Consider the listing below. Extract exactly the lines from the line containing "1956 $1 ICCS" to the line containing "Der neue grosse", both included.

Data provided:
---
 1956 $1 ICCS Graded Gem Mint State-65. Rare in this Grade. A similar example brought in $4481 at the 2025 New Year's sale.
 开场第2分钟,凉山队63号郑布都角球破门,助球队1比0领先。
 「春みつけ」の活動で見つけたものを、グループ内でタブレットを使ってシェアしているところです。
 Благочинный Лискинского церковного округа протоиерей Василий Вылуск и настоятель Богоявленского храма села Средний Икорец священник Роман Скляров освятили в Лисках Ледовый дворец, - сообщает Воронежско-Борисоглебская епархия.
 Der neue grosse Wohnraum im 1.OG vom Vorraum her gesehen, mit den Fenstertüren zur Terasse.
---
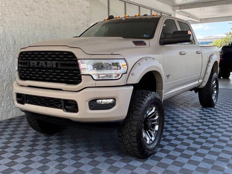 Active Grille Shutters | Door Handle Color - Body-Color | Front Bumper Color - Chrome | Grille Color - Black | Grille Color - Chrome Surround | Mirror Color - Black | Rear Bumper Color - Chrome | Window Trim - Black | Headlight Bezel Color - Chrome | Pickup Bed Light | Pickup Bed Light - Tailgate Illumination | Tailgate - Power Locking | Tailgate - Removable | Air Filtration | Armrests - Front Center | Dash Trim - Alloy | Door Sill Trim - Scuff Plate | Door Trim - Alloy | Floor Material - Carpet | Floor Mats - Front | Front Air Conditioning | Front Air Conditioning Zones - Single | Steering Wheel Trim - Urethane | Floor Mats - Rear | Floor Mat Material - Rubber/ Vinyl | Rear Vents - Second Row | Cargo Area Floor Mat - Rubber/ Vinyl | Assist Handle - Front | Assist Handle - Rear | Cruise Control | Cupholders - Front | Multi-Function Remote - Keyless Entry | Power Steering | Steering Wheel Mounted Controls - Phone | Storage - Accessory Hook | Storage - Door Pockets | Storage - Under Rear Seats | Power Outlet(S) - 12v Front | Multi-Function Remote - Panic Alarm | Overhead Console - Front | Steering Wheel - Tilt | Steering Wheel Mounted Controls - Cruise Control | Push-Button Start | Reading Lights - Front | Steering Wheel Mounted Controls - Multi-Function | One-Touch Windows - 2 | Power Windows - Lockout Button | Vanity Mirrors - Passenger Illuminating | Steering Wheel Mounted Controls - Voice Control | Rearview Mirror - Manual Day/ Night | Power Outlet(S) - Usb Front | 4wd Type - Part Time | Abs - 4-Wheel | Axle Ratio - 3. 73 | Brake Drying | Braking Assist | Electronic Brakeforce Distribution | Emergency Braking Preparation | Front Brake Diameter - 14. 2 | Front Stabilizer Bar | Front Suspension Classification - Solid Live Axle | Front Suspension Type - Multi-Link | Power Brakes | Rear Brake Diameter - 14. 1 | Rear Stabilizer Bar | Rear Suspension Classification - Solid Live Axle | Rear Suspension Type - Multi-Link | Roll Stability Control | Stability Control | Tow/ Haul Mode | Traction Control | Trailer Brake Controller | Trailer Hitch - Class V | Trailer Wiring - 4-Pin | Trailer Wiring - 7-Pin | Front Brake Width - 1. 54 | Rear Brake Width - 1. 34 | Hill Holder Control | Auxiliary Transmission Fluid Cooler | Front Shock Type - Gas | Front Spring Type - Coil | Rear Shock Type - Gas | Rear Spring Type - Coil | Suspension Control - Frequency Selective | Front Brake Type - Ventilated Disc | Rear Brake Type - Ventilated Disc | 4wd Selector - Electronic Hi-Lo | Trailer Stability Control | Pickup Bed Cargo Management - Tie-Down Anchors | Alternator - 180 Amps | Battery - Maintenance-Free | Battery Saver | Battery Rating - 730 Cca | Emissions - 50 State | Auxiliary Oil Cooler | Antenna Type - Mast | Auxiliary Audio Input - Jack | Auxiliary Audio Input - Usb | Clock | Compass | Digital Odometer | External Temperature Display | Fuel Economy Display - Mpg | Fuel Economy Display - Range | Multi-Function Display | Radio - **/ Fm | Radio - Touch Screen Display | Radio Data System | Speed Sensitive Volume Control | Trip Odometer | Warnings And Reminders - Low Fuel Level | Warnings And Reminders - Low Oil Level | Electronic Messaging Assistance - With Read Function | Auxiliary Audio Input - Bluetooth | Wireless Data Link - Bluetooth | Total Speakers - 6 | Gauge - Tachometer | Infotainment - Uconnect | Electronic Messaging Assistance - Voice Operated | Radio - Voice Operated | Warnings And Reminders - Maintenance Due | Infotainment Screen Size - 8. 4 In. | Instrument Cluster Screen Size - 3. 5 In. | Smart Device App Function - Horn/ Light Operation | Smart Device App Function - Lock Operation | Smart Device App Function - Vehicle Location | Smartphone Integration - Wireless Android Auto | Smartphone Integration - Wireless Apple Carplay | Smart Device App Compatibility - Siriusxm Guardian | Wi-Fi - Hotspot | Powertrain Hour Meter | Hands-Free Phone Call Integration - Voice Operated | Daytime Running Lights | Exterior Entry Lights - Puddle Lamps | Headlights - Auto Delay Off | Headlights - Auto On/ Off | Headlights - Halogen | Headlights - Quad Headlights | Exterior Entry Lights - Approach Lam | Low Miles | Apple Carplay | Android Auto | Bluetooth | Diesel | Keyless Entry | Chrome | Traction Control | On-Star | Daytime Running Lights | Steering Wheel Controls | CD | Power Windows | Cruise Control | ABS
---
Expected answer:
 1956 $1 ICCS Graded Gem Mint State-65. Rare in this Grade. A similar example brought in $4481 at the 2025 New Year's sale.
 开场第2分钟,凉山队63号郑布都角球破门,助球队1比0领先。
 「春みつけ」の活動で見つけたものを、グループ内でタブレットを使ってシェアしているところです。
 Благочинный Лискинского церковного округа протоиерей Василий Вылуск и настоятель Богоявленского храма села Средний Икорец священник Роман Скляров освятили в Лисках Ледовый дворец, - сообщает Воронежско-Борисоглебская епархия.
 Der neue grosse Wohnraum im 1.OG vom Vorraum her gesehen, mit den Fenstertüren zur Terasse.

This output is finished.